Add bigints to standard library

uninhm commented 4 years ago

Summary

Add arbitrary precision integers to standard library

Solution

Add the bigints library (it is in nimble) to standard library

https://github.com/def-/nim-bigints

Araq commented 3 years ago

there's no compelling reason for having it in the std lib vs a standalone library

There is one good reason and that is "interop", BigInt is a "vocabulary type" in my view. But it's fine under nim-lang/bigints too, if only people knew about it.

But the primitives are nice to have indeed, regardless.

pietroppeter commented 3 years ago

if only people knew about it

well, since now https://github.com/nim-lang/bigints is an improved fork of https://github.com/def-/nim-bigints we should probably change the repo for bigints package in nimble packages.json.

I am not sure if @def- knows about this recent developments, tagging him so that he can express his feelings about it (and we might need then to add a note to def- repo that redirects to nim-lang fork)

def- commented 3 years ago

That's cool, I'm fine with using nim-lang/bigints and making mine link to it.

arnetheduck commented 3 years ago

well, bigints are complex beasts - there are many libraries out there because there's no trivial one-size-fits-all solution - for cryptography, one variation will be needed, for finance another and for casual use, a third, each coming with its own performance and convenience tradeoffs - that makes it less of a vocabulary type than one might think, also because it doesn't really have hardware or OS backing and what makes a good bigint changes over time, as platforms and environments evolve.

Adding one to the std lib paints the language into a corner of supporting an implementation with an ABI that's certain to be stale in 2-3 years time.

bpr commented 3 years ago

I agree that there's no one size fits all solution to bigints, but I don't think that should preclude providing a straightforwardly written version in the stdlib or one of the fusion libraries. @arnetheduck, I take it that you're not opposed to the latter, only to putting it in stdlib?

arnetheduck commented 3 years ago

not opposed to the latter,

not at all - what I like to see ideally is investments into features that lower the barrier of using things outside of the std library so as to allow separate release cycles, independent upgrades and a natural way for libraries that have lost maintainers and user interest to go away - putting things in the standard library puts a heavy burden on the core team to maintain it, but also makes it difficult to improve the bigint library itself as well as well as the compiler and language. fusion at least is disconnected from the library and compiler, in this way, and upgrades to fusion don't block upgrades to nim, and vice versa.

fusion is essentially a curated collection of random stuff, which is fine - by and large, it doesn't affect those that don't use it, and above all, it doesn't affect users of the compiler and std lib, allowing those users to update the two things independently.

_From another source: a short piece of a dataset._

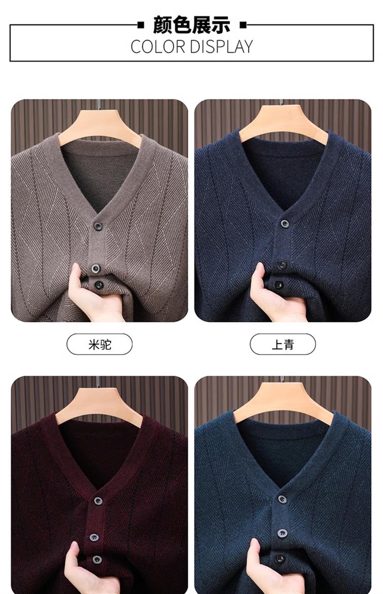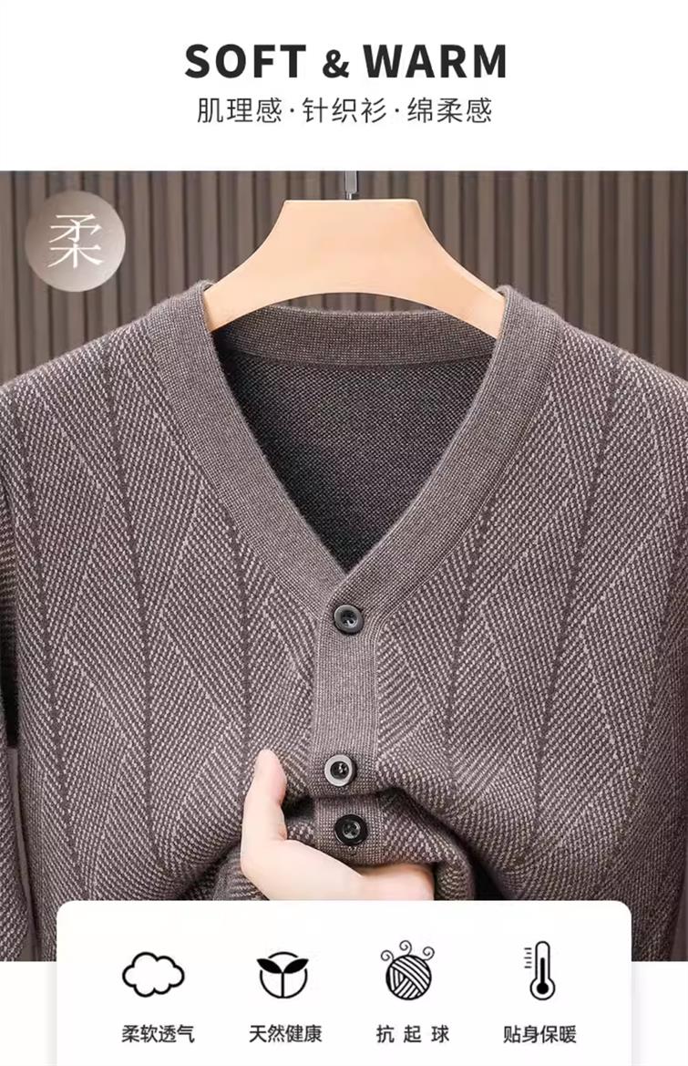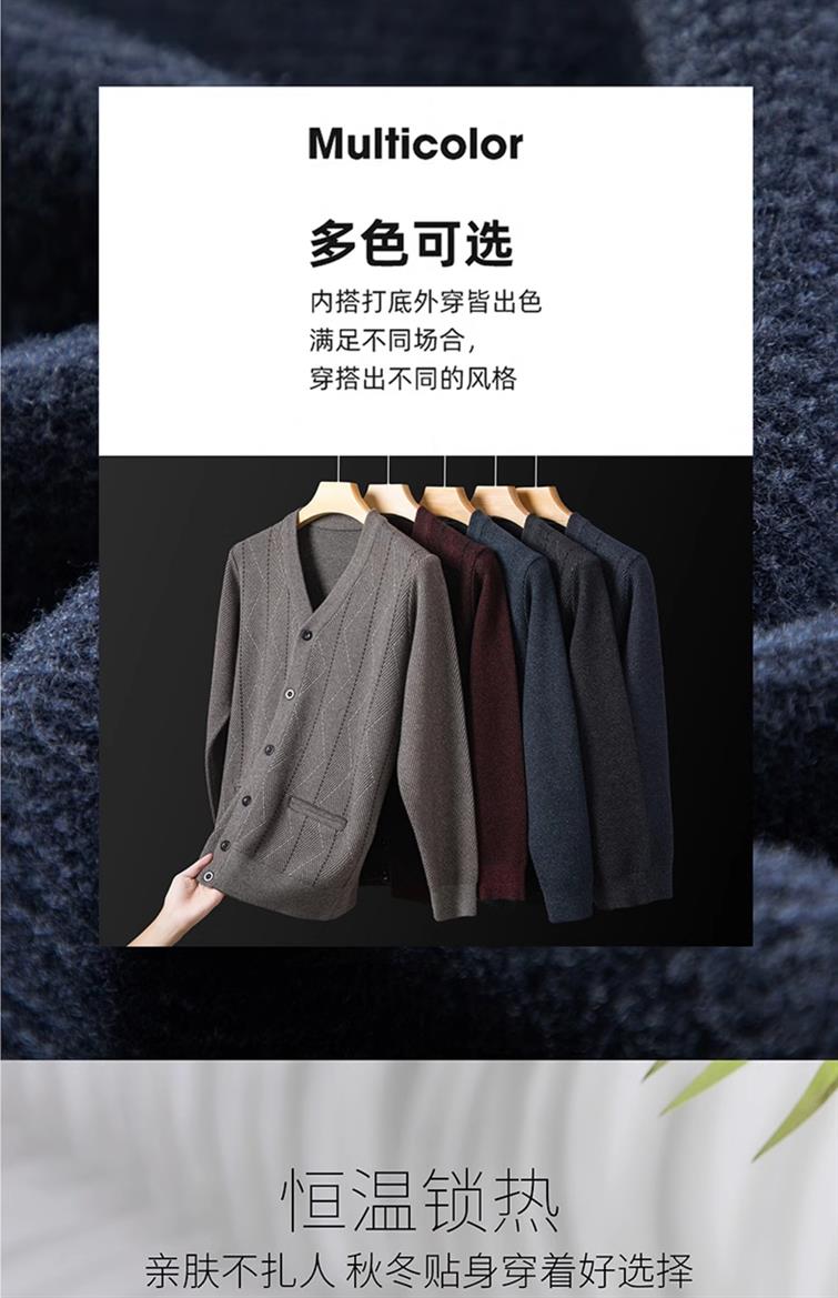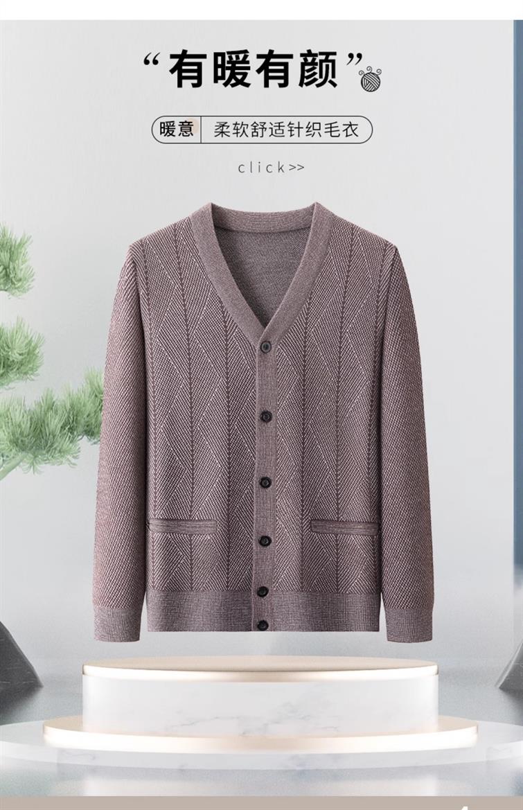 皮尔卡丹秋冬100%纯羊毛开衫中老年男爸爸装毛衣加厚针织外套

In a larger code base (such as happens when you start reusing code, because you have a vibrant ecosystem of useful libraries), it's very difficult already to upgrade Nim, and every additional component in there makes that process even harder. This is often not an iussue for devs following devel and making changes to their personal code together with Nim, but it is a significant issue for users of Nim that are working on production code and rely on the stability of the core Nim offering.

bpr commented 3 years ago

If this is going to be the reference implementation, it would be great if it could be written with Nim destructors in mind. After all, the motivating example in the reference section looks an awful lot like the implementation of the BigInt type.

Araq commented 3 years ago

What do you mean? seq is built on top of destructors with --gc:arc/orc and the other memory management modes are moribund.

bpr commented 3 years ago

Ha, you'd know best! When started hacking up my own bignum lib for fun I used that demo code on the destructors page for my limbs/digits, probably a waste of time.

pietroppeter commented 3 years ago

That's cool, I'm fine with using nim-lang/bigints and making mine link to it.

@narimiran should we proceed and do this, i.e. make nim-lang/bigints the officially maintained bigints library?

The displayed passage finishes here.